Windows 8 Explorer Adds Ribbon, Returns Up Button

Windows 8 Explorer Adds Ribbon, Returns Up Button

One of the most common complaints about the Explorer interface in Windows 7 was that it dumped the ‘up’ button used to move up in the directory structure. The good news is that it’s returning in Windows 8. The perhaps more controversial news is that Microsoft will achieve that by using the often controversial Ribbon interface.

The Building Windows 8 blog offers a detailed look at how Explorer will be updated in Windows 8. It’s a lengthy post but well worth the read if you’re a regular Explorer user. The key changes that will be coming include:

  • Adding the Ribbon in order to make the most common commands more easily accessible. (Remarkably, of the 10 most commonly used features in Explorer, just two are visible in the current interface.) The three tabs on the Ribbon will be Home, Share and View (all seen above).
  • Showing the Details information for folders at the right rather than the bottom. That minimises the impact on vertical space of adding the ribbon and takes advantage of widescreen laptops, which are now the most common option.)
  • As in Office, incorporating a Quick Access Toolbar so you can add commonly used commands to the interface.
  • And as we’ve already mentioned, the Up button is being returned to the interface.

Those changes won’t necessarily address all the features which Explorer replacements can handle, but as we noted in a recent post about the Windows 8 copy experience, only a small percentage of Windows users actually install that kind of software (though I suspect the number is higher amongst Lifehacker readers). Third-party software developers will continue to be able to add options to right-click menus, but won’t be able to access the Ribbon interface.

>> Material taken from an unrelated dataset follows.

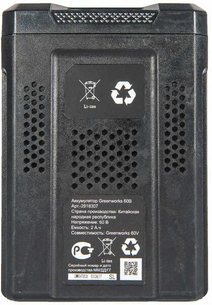 Greenworks Аккумулятор G60B2, {60V, 2 А.ч} [2918307] купить в интернет-магазине TPShop.Ru. Наличный и безналичный расчет, розничные и оптовые продажи. Самовывоз, доставка по Москве и МО, отправка во все регионы России.

Ribbon addition aside, the most interesting thing I learnt from that post was that the most popular way of accessing features in Explorer is via a right-click menu, followed by keyboard shortcuts. On the latter point, it’s also good to have it confirmed that existing shortcuts will continue to work in Windows 8, while there will be ribbon-based shortcuts for everything else. Ribbon shortcuts are a lot less effective than single-key shortcuts, but still good to have around if, like me, you’re a keyboard junkie.

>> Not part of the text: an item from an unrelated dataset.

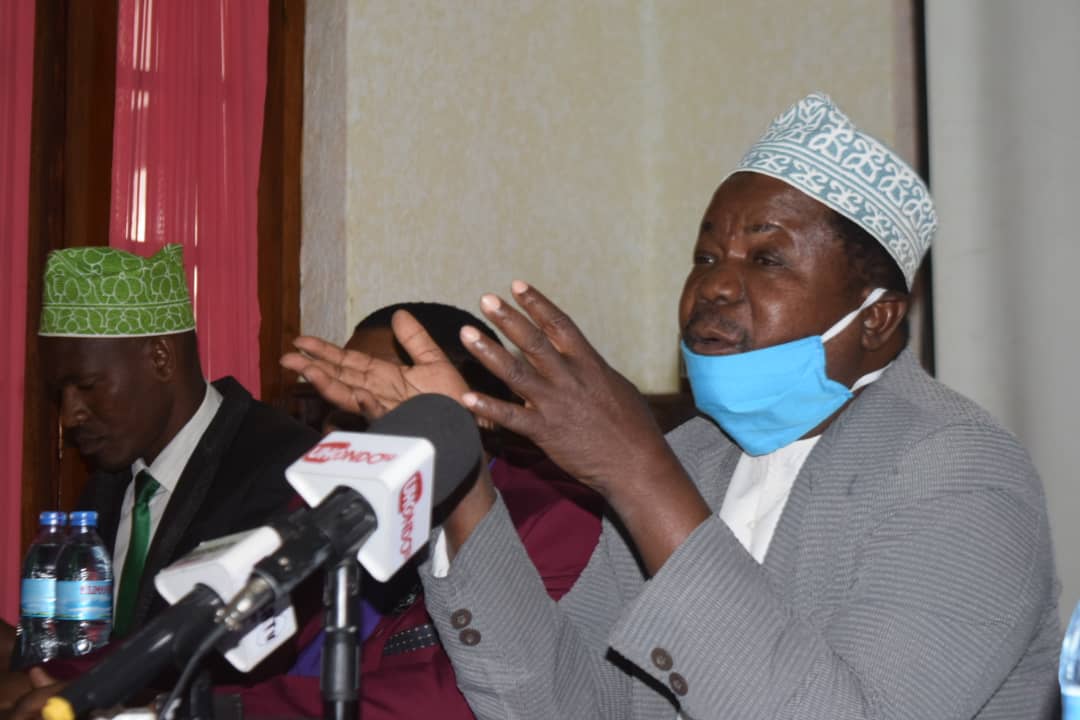 Katibu wa mkoa na Mjumbe wa Baraza la Masheikh wa Mkoa wa Dodoma, Hussein Kuzungu akitoa pongezi kwa Rais John Pombe Magufuli  wakati wa mkutano wa Viongozi  wa Dini Mkoa wa  Dodoma na Waandishi wa habari, leo jijini Dodoma

What changes would you like to see in Explorer? Tell us in the comments.

Improvements in Windows Explorer [Building Windows 8]


  • sweet mother of jesus. it reminds me of that bit in christmas vacation when clark cant get the christmas lights on the roof working. a complete mess.

  • WTF man..! I didn’t see anything on the jump page that says anything about dual pane exploring…, are they just plain stupid, dual pane is one of the most sought after updates required for a file browser! #[

  • This just looks cluttered to me.

    MS, don’t try and make Windows “easy” to use, all you’re doing is making it LOOK difficult when really people should just be learning some basic shortcuts.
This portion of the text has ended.